"""

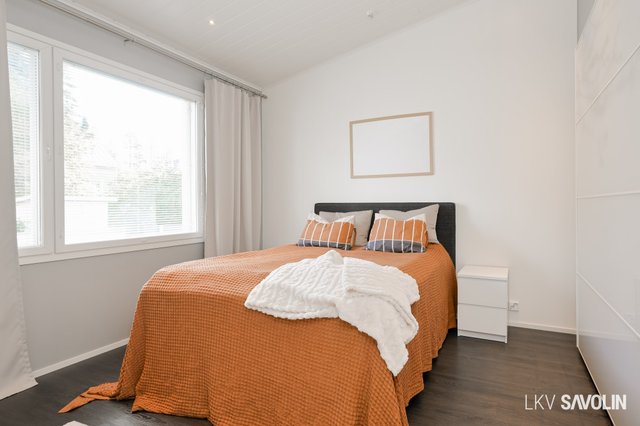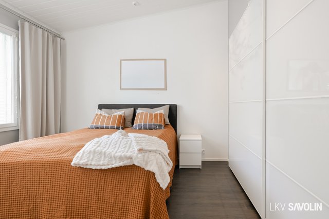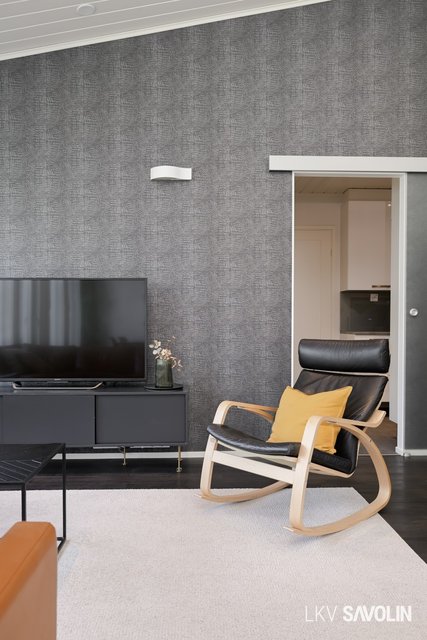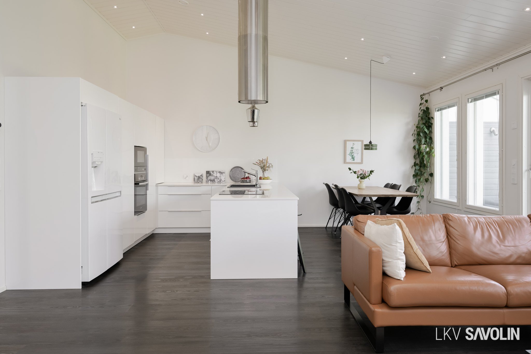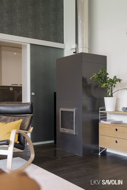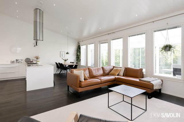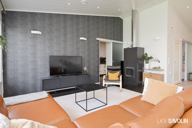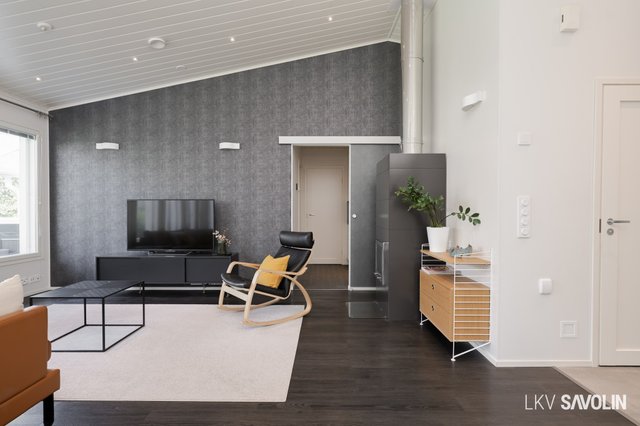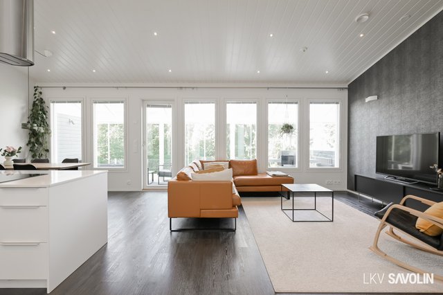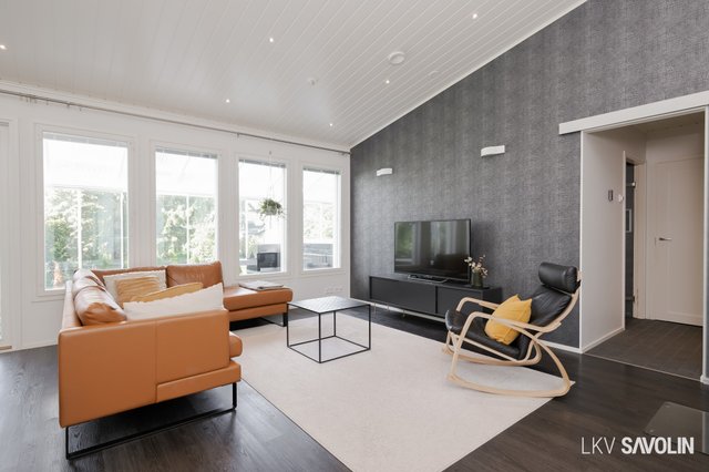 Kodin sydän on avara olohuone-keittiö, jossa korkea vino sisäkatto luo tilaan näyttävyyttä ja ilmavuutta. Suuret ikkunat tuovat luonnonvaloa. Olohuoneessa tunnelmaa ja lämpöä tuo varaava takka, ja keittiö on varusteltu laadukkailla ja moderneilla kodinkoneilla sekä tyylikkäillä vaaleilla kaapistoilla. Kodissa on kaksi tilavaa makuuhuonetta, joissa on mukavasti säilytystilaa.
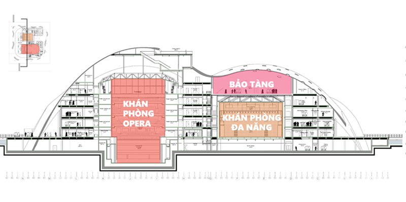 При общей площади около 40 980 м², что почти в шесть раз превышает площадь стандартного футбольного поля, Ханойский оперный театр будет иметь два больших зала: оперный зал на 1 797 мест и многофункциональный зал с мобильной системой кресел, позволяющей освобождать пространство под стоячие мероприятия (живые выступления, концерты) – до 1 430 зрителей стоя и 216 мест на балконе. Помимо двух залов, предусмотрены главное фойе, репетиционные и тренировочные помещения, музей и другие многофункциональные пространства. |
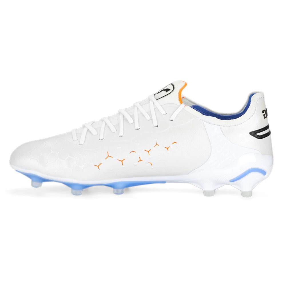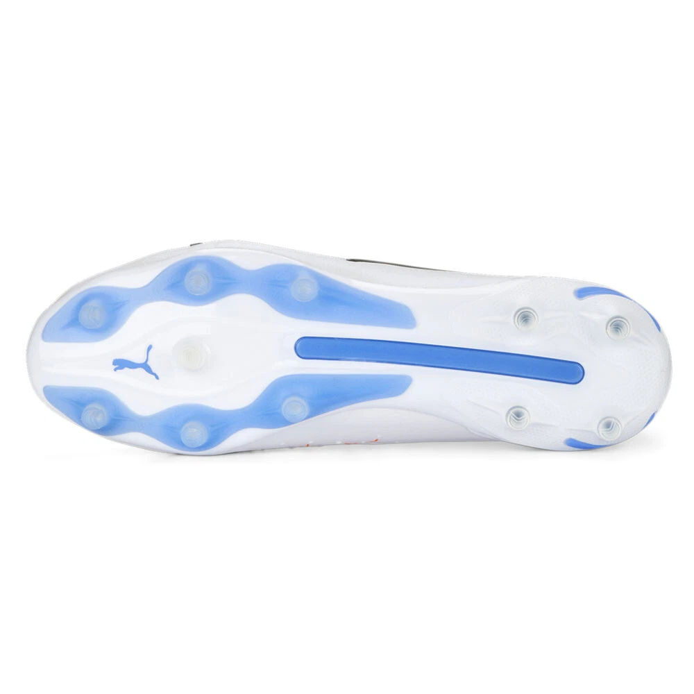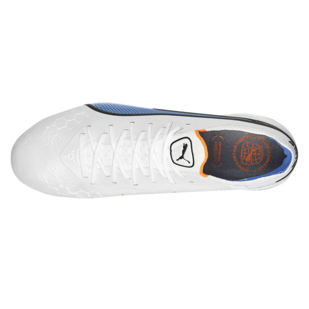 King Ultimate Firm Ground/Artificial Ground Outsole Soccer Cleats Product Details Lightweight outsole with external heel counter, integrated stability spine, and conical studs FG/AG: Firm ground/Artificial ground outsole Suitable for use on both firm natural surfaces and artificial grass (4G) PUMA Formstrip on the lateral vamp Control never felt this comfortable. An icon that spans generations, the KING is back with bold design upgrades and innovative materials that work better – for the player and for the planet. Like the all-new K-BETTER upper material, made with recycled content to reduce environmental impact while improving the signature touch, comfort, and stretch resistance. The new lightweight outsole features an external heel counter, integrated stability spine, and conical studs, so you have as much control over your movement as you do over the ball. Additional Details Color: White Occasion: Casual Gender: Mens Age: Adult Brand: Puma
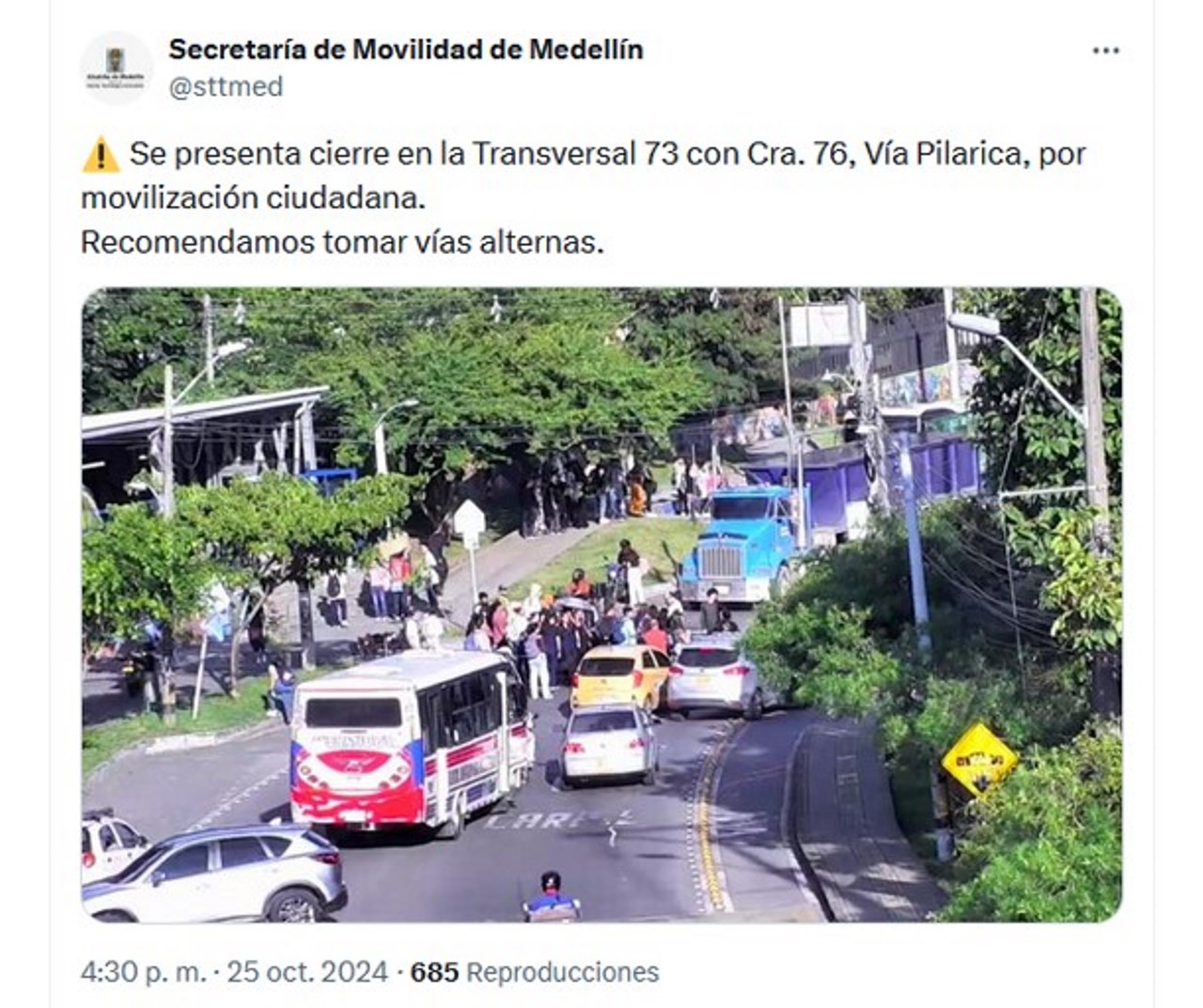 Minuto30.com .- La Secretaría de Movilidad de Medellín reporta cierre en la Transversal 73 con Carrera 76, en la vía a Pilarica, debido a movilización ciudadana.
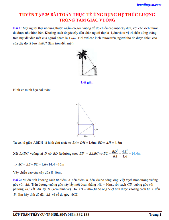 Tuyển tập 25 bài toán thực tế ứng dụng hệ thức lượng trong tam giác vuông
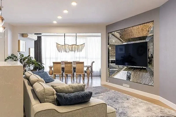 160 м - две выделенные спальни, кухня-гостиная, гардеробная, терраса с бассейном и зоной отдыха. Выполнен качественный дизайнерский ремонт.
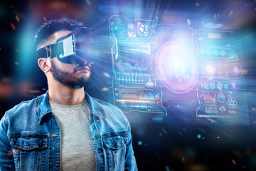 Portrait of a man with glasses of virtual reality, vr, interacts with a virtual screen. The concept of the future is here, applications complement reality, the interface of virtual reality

"""

**Task objective:** From the first line to the last, repeat the listing exactly and skip its images.

**Response area:**
 Kodin sydän on avara olohuone-keittiö, jossa korkea vino sisäkatto luo tilaan näyttävyyttä ja ilmavuutta. Suuret ikkunat tuovat luonnonvaloa. Olohuoneessa tunnelmaa ja lämpöä tuo varaava takka, ja keittiö on varusteltu laadukkailla ja moderneilla kodinkoneilla sekä tyylikkäillä vaaleilla kaapistoilla. Kodissa on kaksi tilavaa makuuhuonetta, joissa on mukavasti säilytystilaa.
 При общей площади около 40 980 м², что почти в шесть раз превышает площадь стандартного футбольного поля, Ханойский оперный театр будет иметь два больших зала: оперный зал на 1 797 мест и многофункциональный зал с мобильной системой кресел, позволяющей освобождать пространство под стоячие мероприятия (живые выступления, концерты) – до 1 430 зрителей стоя и 216 мест на балконе. Помимо двух залов, предусмотрены главное фойе, репетиционные и тренировочные помещения, музей и другие многофункциональные пространства. |
 King Ultimate Firm Ground/Artificial Ground Outsole Soccer Cleats Product Details Lightweight outsole with external heel counter, integrated stability spine, and conical studs FG/AG: Firm ground/Artificial ground outsole Suitable for use on both firm natural surfaces and artificial grass (4G) PUMA Formstrip on the lateral vamp Control never felt this comfortable. An icon that spans generations, the KING is back with bold design upgrades and innovative materials that work better – for the player and for the planet. Like the all-new K-BETTER upper material, made with recycled content to reduce environmental impact while improving the signature touch, comfort, and stretch resistance. The new lightweight outsole features an external heel counter, integrated stability spine, and conical studs, so you have as much control over your movement as you do over the ball. Additional Details Color: White Occasion: Casual Gender: Mens Age: Adult Brand: Puma
 Minuto30.com .- La Secretaría de Movilidad de Medellín reporta cierre en la Transversal 73 con Carrera 76, en la vía a Pilarica, debido a movilización ciudadana.
 Tuyển tập 25 bài toán thực tế ứng dụng hệ thức lượng trong tam giác vuông
 160 м - две выделенные спальни, кухня-гостиная, гардеробная, терраса с бассейном и зоной отдыха. Выполнен качественный дизайнерский ремонт.
 Portrait of a man with glasses of virtual reality, vr, interacts with a virtual screen. The concept of the future is here, applications complement reality, the interface of virtual reality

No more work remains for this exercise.